What I am explaining is that in practice you have to use the second code, because of how operating systems work. This can be handled by a windowing library (SDL, GLFW, Sokol), and the adapters for libraries like Dear Imgui, Nuklear, etc. also expect the second code.
There are ways to skip processing events in some OSs, but this is not really advised by OS writers, and in some cases you will get subpar experience, apps that don't close correctly, etc.
… huh? The entire purpose of Bitcoin mining is to use every compute cycle. My entire point about about ImGui is it doesn’t take as many cycles as people seem to think.
It doesn't need to be inefficient, it depends on the implementation. Immediate mode is describing the API and usage, you can implement it such that it's retained mode behind the scenes, or only redrawing when necessary, etc.
I've written an immediate mode GUI for my projects and it's fine for performance.
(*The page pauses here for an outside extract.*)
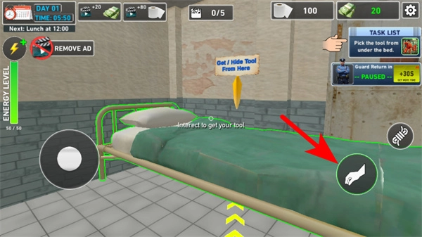 点击箭头所指的交互按钮,这是获取工具的基础操作,按照提示步骤进行操作就能获得对应的道具。

I've written a music player for instance which uses a negligible amount of CPU, it uses slightly more resources than Clementine, my previous music player.
> that it's retained mode behind the scenes, or only redrawing when necessary
And why reinvent that wheel? Then localization and accessibility while you’re at it?
> it uses slightly more resources than Clementine
That’s an odd flex, Clementine is extremely horrible for CPU usage (compared to nicer looking examples), probably not due to the GUI, but still. foobar2000 with a ton of plugins works better in wine.
>> Isn't the whole point of immediate UIs to get rid of the "event loop" though?
No, not at all. It's to take explicit control of the event loop. It's right there, you have a loop and the buttons still fire events, you just have to check for them on every iteration of the loop.
You don't have to 'install' event handlers, there are no event objects, and there's no event loop like:
while (uiEvent = uiGetNextEvent()) {
uiHandleEvent(uiEvent);
}
...and it would never enter my mind to call this an 'event handler':
if (Button("Click Me!")) {
printf("Button Clicked!");
}
One very nice side effect of this immediate mode style code is that it 'runs on a linear timeline', e.g. you can step through the code in a debugger without having to put breakpoints inside 'event handlers'.
How all this is implemented inside the immediate mode UI framework isn't relevant. The 'immediate mode idea' is only about the user-facing code which describes the UI, not the internal implementation (those can vastly differ, and could even manage a 'retained mode' widget tree under the hood).
> multiple application views that conditionally show/hide
The ImGui way of doing this is to conditionally run or not run the code which describes the conditionally shown UI elements. E.g. a simple
There are plenty of real-world applications with complex UIs implemented in Dear ImGui which don't seem to have a problem with those things, e.g. see https://github.com/ocornut/imgui/labels/gallery> The trouble comes from not componentizing things...
In ImGui, reusable UI components are just code which describes the UI component by calling lower-level ImGui functions and which itself is a new ImGui-style function. It works surprisingly well.